Computational modelling to investigate the sampling of lead in drinking water

Abstract

The monitoring of lead in drinking water is beset by difficulties relating to the inherent temporal variation of lead emissions at individual premises. Such difficulties are compounded by spatial variation when considering an entire water supply area (e.g., City or Town), which is necessary to determine compliance with regulatory standards and to judge the efficacy of corrective measures. A computational modelling system, that uses a Monte Carlo probabilistic framework for simulating lead emissions within a water supply area, has been successfully validated in a range of UK case studies and enabled corrective treatment measures to be optimised for a range of water types.
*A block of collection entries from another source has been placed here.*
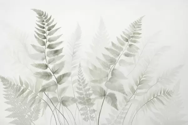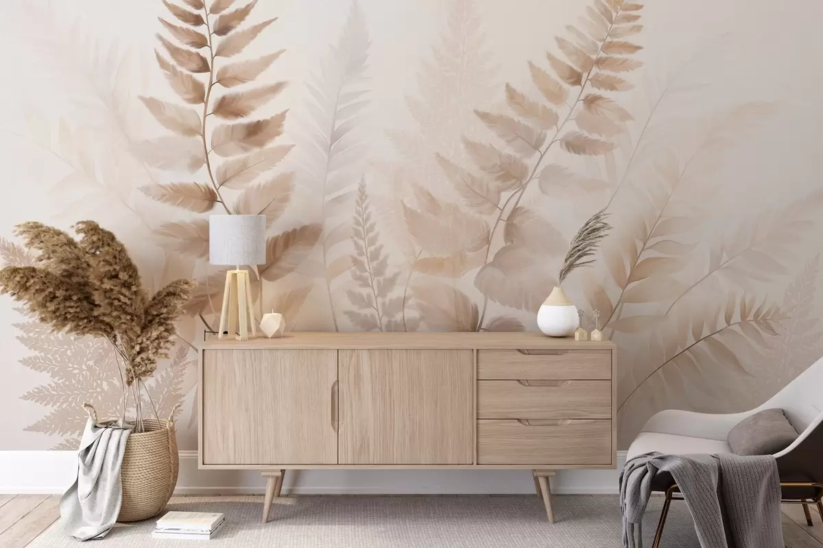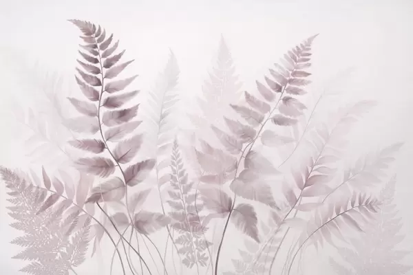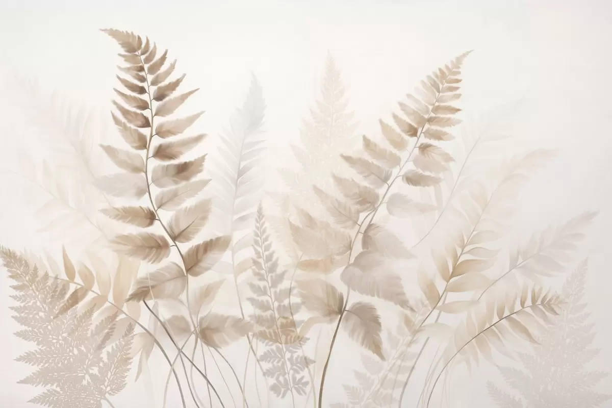 Fototapety Textúrované sušené listy paprade v rôznych odtieňoch hnedej farby s jemným, svetlým pozadím v akvarelovom štýle. Nr. w09615
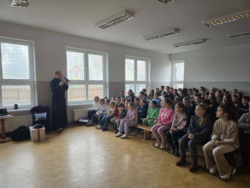 W dniach 4–6 marca uczniowie naszej szkoły uczestniczyli w rekolekcjach wielkopostnych, które poprowadził ks. Adrian Piecuch MSF – Misjonarz Świętej Rodziny. Bohaterem tegorocznych nauk był św. Józef Egipski – postać, która pokazuje, że nawet w trudnych momentach życia warto zaufać Bogu, pozostać wiernym swoim wartościom i nie tracić nadziei. Podczas spotkań uczniowie mieli okazję zatrzymać się na chwilę, zastanowić nad swoim życiem, relacjami z innymi oraz nad tym, jak w codzienności wybierać dobro. Był to czas refleksji, modlitwy i wspólnego odkrywania, że każdy z nas ma swoją drogę i swoje powołanie. Dziękujemy ks. Adrianowi za inspirujące słowo, świadectwo wiary i wspólnie spędzony czas. Niech przesłanie rekolekcji towarzyszy nam każdego dnia!
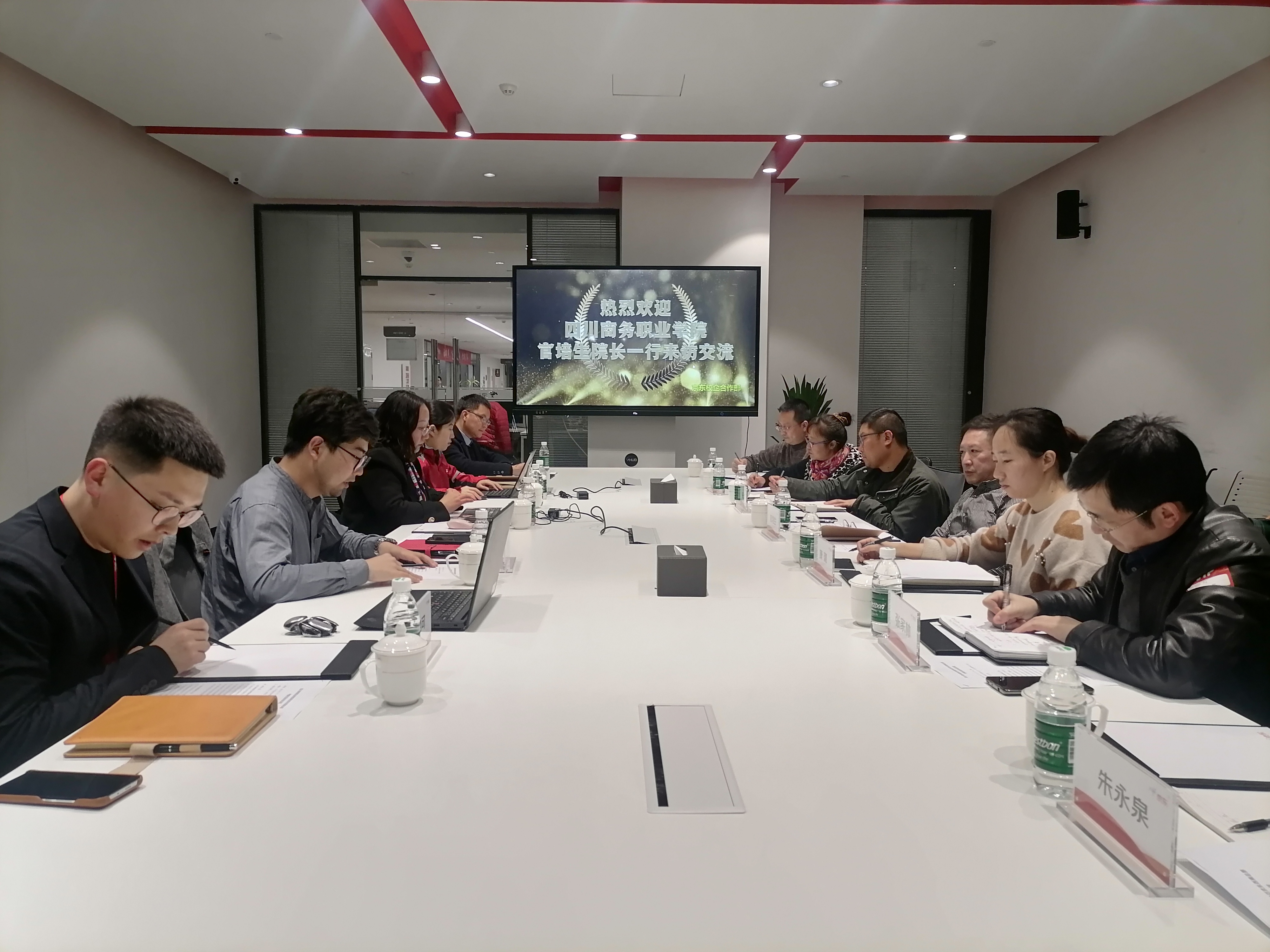 2023年3月2日学院副院长官培生、学院副院长康璐、经营管理系主任王琦、招生就业处处长张家林、经营管理系党总支书记杨洪、电子商务及物流专业教师一行到京东西南总部考察交流。

This modelling system includes the simulation of a range of sampling methods, and has made it possible to undertake an exhaustive comparison between daily average lead emissions (DAC – which are equivalent to weekly average lead concentrations as a consequence of the modelling system used), random daytime sampling (RDT), 30 min stagnation sampling (30MS) and 6 h stagnation sampling (6HS). It is concluded that: (a) the stringency of UK and US compliance assessment methods for lead in drinking water is fairly similar for waters of reduced plumbosolvency, despite different sampling approaches; (b) RDT sampling is equivalent to random DAC for waters of moderate plumbosolvency; (c) RDT sampling is more stringent than random DAC for waters of low plumbosolvency; (d) all random sampling methods suffer from poor reproducibility, albeit less so for low plumbosolvency water; and (e) fixed point stagnation sampling may not be representative.